Jeff · January 17, 2004, 11:57pm

[quote]I will most likely make it to JavaOne this year - as soon as Sun puts up some information on pricing I will get someone to put in the request… EARLY.

Now here is the interestion question I had. Since according to the papers, garbage collection ONLY happens when a generation fills up (when dealing with the generational collectors).
[/quote]
AIUI thats not quite true. Its true for the eden. its NOT true for the trains which are incrementally collected. Thast why its called an “inceremtnal gc” when you turn them on

Nope you want exactly the opposite in that situation. I explained this in the other thread on this.

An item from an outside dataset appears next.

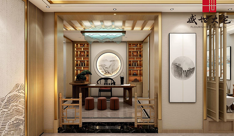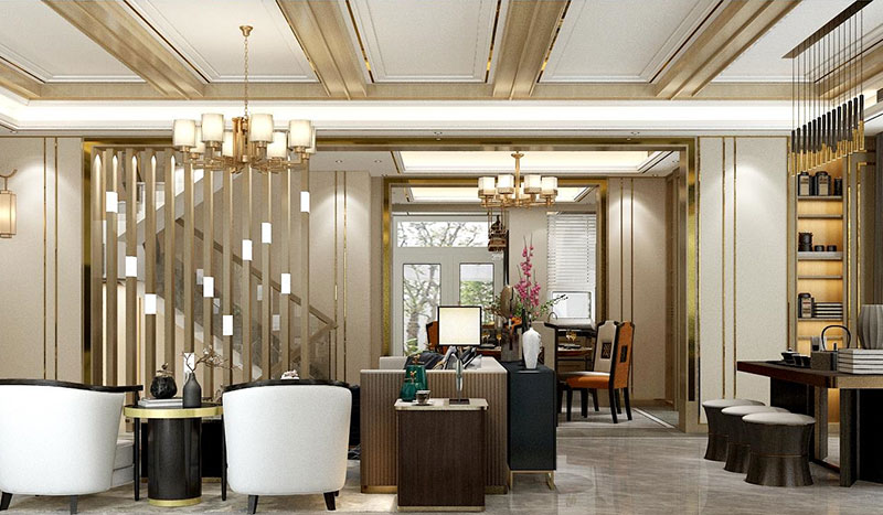 二層將原本挑空處增建新中式風(fēng)格墻面,看似簡單,卻暗藏雅韻質(zhì)感的設(shè)計。

gregorypierce · January 18, 2004, 4:07am

Hmmm… okay. I guess I didn’t understand the paper as well as I thought. Since I want my objects to reach tenure faster - what’s the best way to do this? The reason I was thinking the opposite is that I want to gc to run as infrequently as possible. Since the gc would only run when eden was full - seemed to make sense to just increase the size of eden and let my objects sit there. If the gc is only going to run when its full I would have expected that it would just be looking at the numbers of bytes allocated versus the eden size to know whether or not it needed to do anything, but clearly its doing ‘something’ and I’m not sure what its doing.

Essentially what I want to do is get my objects into a position where the VM isn’t really wasting any time to collect them because quite simply I know they don’t need to be collected. The issue with the gc in these scenarios is that it is counter to all of the gc algorithms. I understand my memory needs better than the gc, and there is no way to tell the gc - “you don’t need to run ever n milliseconds because you’re just wasting your time and wrecking my performance”.

Now that I’ve described basically what I’m after (I want to preallocate 80-90% of the objects in a level that I KNOW I’m going to need), what’s the best gc strategy for that since it doesn’t seem to be one that’s covered. All of the existing gc strategies seem to assume a memory graph that’s the exact opposite of what I need to do. I don’t really have alot of dynamic memory needs - I don’t need to wait for my objects to take the train to tenure - I don’t need the gc to even run very often as most just about everything that I put into memory will be staying there. I’m not planning on creating lots of temporary objects, I don’t apparently need to worry about compacting the heap - so I just need a way to get the gc to work with a memory graph that the current VM strategies don’t seem to cover at all.

princec · January 18, 2004, 10:33am

You want a very small Eden and an incremental collector, and at opportune moments, to give the GC a hint when to collect with a System.gc() - at the end of the level.

Cas

Jeff · January 18, 2004, 8:33pm

Thansk, frogot to mention System.gc.

In most cases today using System.gc() is harmful, but this is exactly the kidn of situation it is intended for, when you want to tell the VM, “I’d really like you to spend some significant time gc-ing right now!”